O destino em dado momento não poderia ter sido outro, pois pode-se imaginar o peso para uma criança, diante das cinco irmãs mais velhas e de um pai pouco democrático, pelo fato do seu nascimento ter causado a morte da própria mãe de todas. Barra pesadíssima! Jamais superou isso. Há outras tantas testemunhas.
Corajosamente, teve que se virar. Tornou-se uma professora primária. Um dos ofícios mais nobres que existem. Era também adepta dos esportes futebolísticos e torcia para um clube- dos mais antigos do Brasil- e que tem como mascote uma macaca. Frequentava estádios e palanques ( tradição familiar). Sindicalizada, perambulou por alguns partidos políticos e protagonizou episódios polêmicos e arriscados. Num deles, ofendeu o candidato à prefeitura da cidade. Noutro, atirou uma bandeira do partido que apoiava na direção do candidato adversário. Gritou palavras de ordens, leia-se, palavrões. E odiava um certo político barbado. Sindicalizado feito ela. Era uma incoerência de gestos, falas, discursos, opiniões. Aliás, língua solta, opinava sobre tudo. Nada mais brasileiro. O problema é que  se recusava  em não aprender a  escutar. Daí a língua solta.
Rompeu com a política, afinal, ninguém lhe ofereceu emprego melhor. Nada mais brasileiro também. 
Suas transas pessoais se esgotavam então. Aposentadoria, os estádios e palanques, perdas familiares, fofocas a menos. Mediando tudo através da televisão ( o que pode ser uma péssima aposentadoria) , indignava-se, incomodava-se ao ver o casal bonito, jovial, aquele garotão com aquela garotona ( duas garotonas ou dois garotões então, levariam-na ao pronto socorro!),  beijando-se, beijo apaixonado, línguas soltas pela sensualidade, no faz de conta da teledramaturgia. " São umas putas essas atrizes'!- exaltava-se.
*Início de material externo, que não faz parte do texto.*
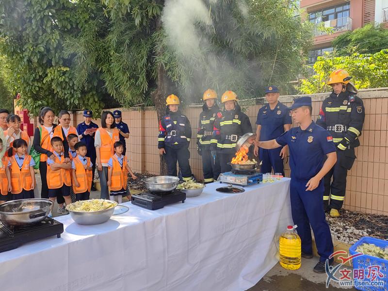 油鍋著火后,消防員演示用蔬菜滅火(夏菁 攝)

Teria se permitido finalmente um orgasmo ? Quase diviiiiiiiiiiiiiiino?! Parece que não. Nem ao menos na realidade das virtualidades.
Morreu só. Até aí feito todos. Inclusive brasileiras, brasileiros. Imagina-se que no seu enterro compareceram políticos ofendidos, colegas professores, ex-craques de futebol, a macaca mascote, as testemunhas parentes, o fantasma de um pai. Quase um Deus.
Talvez uma única rosa sobre o túmulo- comprado e pago em prestações custosas- e um dizer, seu epitáfio: " Aqui tenta descansar aquela velha-moça que viveu oitenta e tantos anos sem jamais namorar, jamais beijar".